Reports from Monday suggest Legal & General might be on the verge of selling its Cofunds platform. The firm acquired the platform just two years ago and sources are suggesting private equity firms might be after the fund supermarket.
Legal & General’s Deal
Two years ago, the firm bought the Cofunds platform in a deal that valued the fund supermarket at £171 million. The deal was finalised in 2013, as the firm bought the ownership from Threadneedle, Jupiter, Prudential and Newhouse Capital Partners.
Legal & General had, prior to the deal, held a 25% stake in the platform, but increased it to a full ownership by buying the remaining shares. The firm paid around £131 million for the final batch of shares.
The reports are now suggesting the firm is moving on from its investment. According to New Model Adviser report, the firm has already appointed advisers to oversee a possible sale. Fenchurch Advisory Partners will be looking at the possible suitors and help the firm make the most of the deal.
After the firm acquired Cofunds, it was looking to provide the fund platform with a new phase of growth. Legal & General said at the time it has the right expertise in scale and distribution to strengthen the platform.

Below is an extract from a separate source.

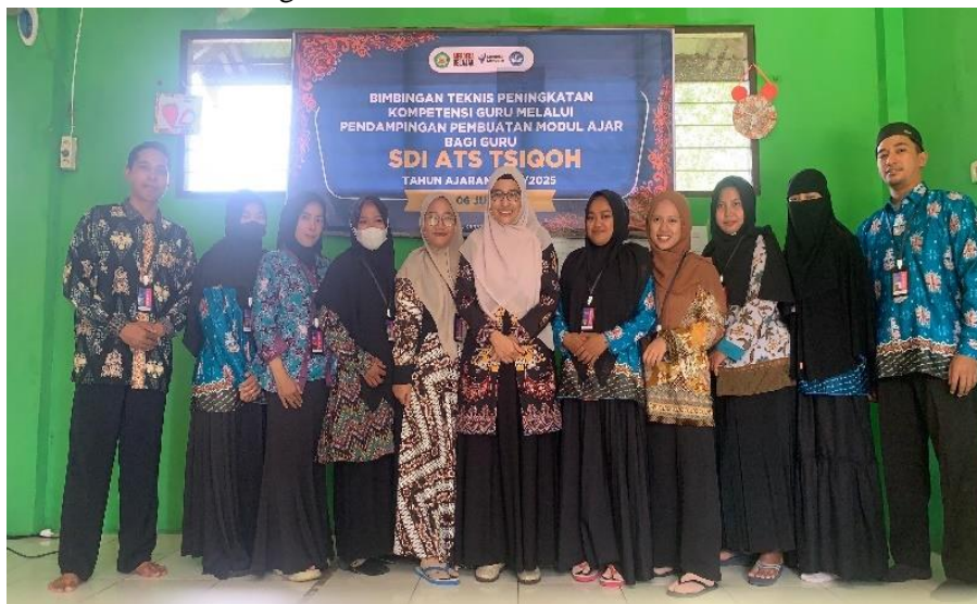
Gambar 1. Pelaksana PkM dan para guru SDI Ats-Tsiqoh Palangka Raya

Bentuk kegiatan pada Pengabdian kepada Masyarakat (PkM) ini adalah bimbingan teknis (bimtek) terkait penyusunan modul pembelajaran yang diikuti oleh 10 orang guru dari SDI Ats-Tsiqoh Palangka Raya sebagai peserta. Bimtek merupakan kegiatan pelatihan yang bertujuan untuk meningkatkan kemampuan teknis, pengetahuan, dan keterampilan peserta dalam bidang tertentu sehingga dalam penerapannya para peserta dapat meningkatkan kualitas kerja (Lessy, 2022). Kegiatan PkM ini melibatkan guru-guru di SDI Ats-Tsiqoh Palangka Raya. Dalam hal ini, bimtek dilakukan untuk meningkatkan kompetensi profesional para peserta melalui pembuatan modul pembelajaran. Pelaksanaan bimtek berupa paparan presentasi, demonstrasi, tanya jawab dan konsultasi/pembimbingan yang berlangsung selama selama 3 hari, bertempat di SDI Ats-Tsiqoh Palangka Raya Provinsi Kalimantan Tengah.

But Cofunds’ fortunes have provided to be mixed results. According to Investment Week’s report, the firm acknowledged earlier this year that it must “operationally leverage” the platform to boost profits. The company said, “In 2015, we need to operationally leverage Cofunds and increase fund flows to (Legal & General Investment Management) to generate a more meaningful profit contribution to the group and offset the managed decline in the contribution from mature savings products.”
Around 15% of Legal & General investment arm’s retail fund flows were generated by the platform. Furthermore, Cofunds saw its net assets increase by £7.8 billion to £71.9 billion in 2014. On the other hand, its net inflows fell to £5.4 billion last year.
Private Equity Firms Eyeing the Platform
Among the possible suitors are private equity firms and trade bidders. The deal would be a perfect pick for a private equity firm, with firms showing plenty of interest towards the industry in recent months.
A source familiar to the situation told New Model Adviser, “It is surprising L&G are looking to offload it, but in the right hands it could be very successful”. The source said that a main reason behind the recent troubles is the platform’s “unfocused institutional ownership structure”.
A private equity firm could be well suited to help the platform turn its fortunes. Private equity firms have outlined their interest in similar companies in the past, with platforms like Transact and 7IM attracting interest. Although the Transact interest didn’t bear fruit, it is likely Cofunds will receive similar offers during the bidding process.
Overall, the wealth and asset management sector has enjoyed a wave of merger and acquisition activity this year.
It remains to be seen whether this time private equity firms stay in the bidding process, or if Legal & General opt for a different exit option instead.